You know something really big has gone on in the sailing world when even The New Yorker magazine feels they have to say something about it. The grounding and abandonment of Team Vestas Wind has been a major publicity coup, for both the Volvo Ocean Race and the boat’s sponsor, Vestas Wind, made all the sweeter by the fact of the happy ending: no one was seriously injured. The cause of the accident has been pretty clearly identified. The Cargados Carajos Shoals were in an exclusion zone that was opened to the fleet the night before they started leg 2 of the race out of Cape Town. Vestas navigator Wouter Verbraak (see image up top) wasn’t aware that the shoals were directly on the route north to Abu Dhabi, didn’t have time to fully scope out the new track before the start, and assumed he’d be able to do so while racing the leg.
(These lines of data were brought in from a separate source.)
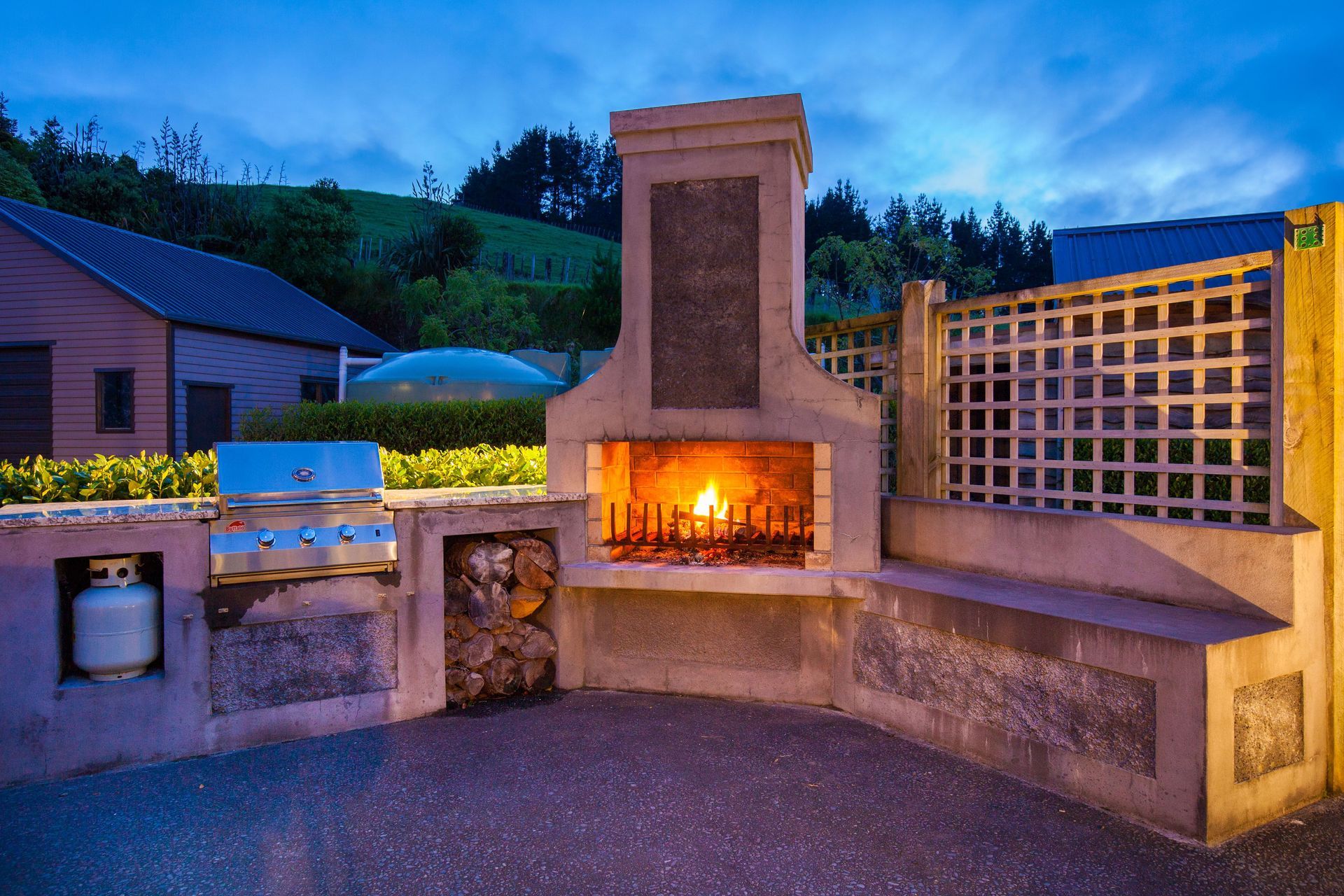 ArchiPro Project Summary - A grand American country style estate in Oakura, featuring sophisticated Hamptons elegance, expansive indoor/outdoor living spaces, and stunning countryside views, complete with an outdoor entertaining area, fireplace, barbecue, and spa bath.
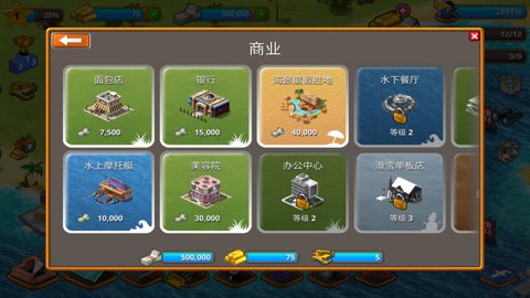 1、游戏中的建筑物是不可或缺的,缺少后玩家会少获得大量的收益。
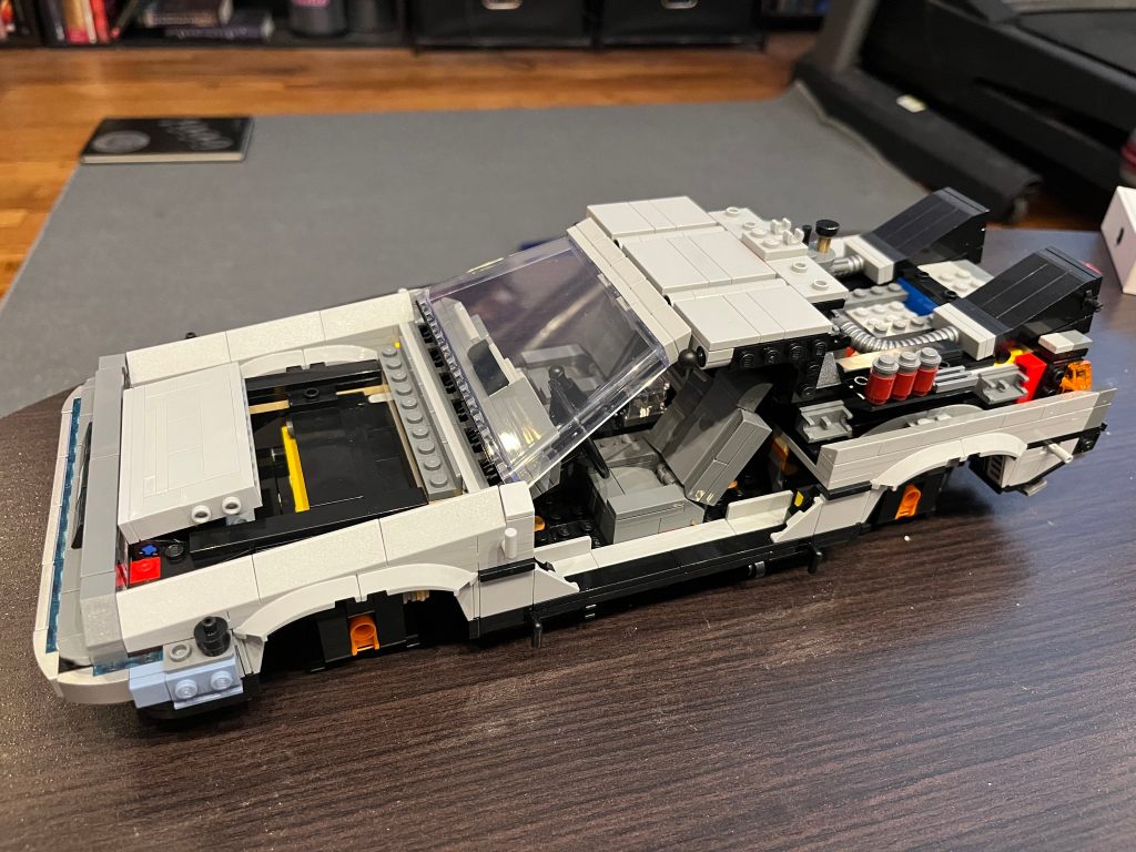 I have to admit… It was a lot of fun putting this thing together. The box arrived and contained 11 separate bags full of tiny LEGO pieces. I started building and, well, it didn’t look like much at the start. But I knew it would eventually turn into the iconic time machine from my favorite movie.

In the end he never zoomed in close enough on his electronic chart to see the shoals, and the crew sailed right on to the reef at night having no idea it was there.

This obviously was a stupid mistake, and Verbraak, to his credit, has openly confessed to it. The boat’s skipper Chris Nicholson likewise has accepted full responsibility for what happened and recently gave two long interviews—one in print with Sail-World (a big three-parter that starts here) and one on video with Sailing Anarchy. These are both well worth your attention.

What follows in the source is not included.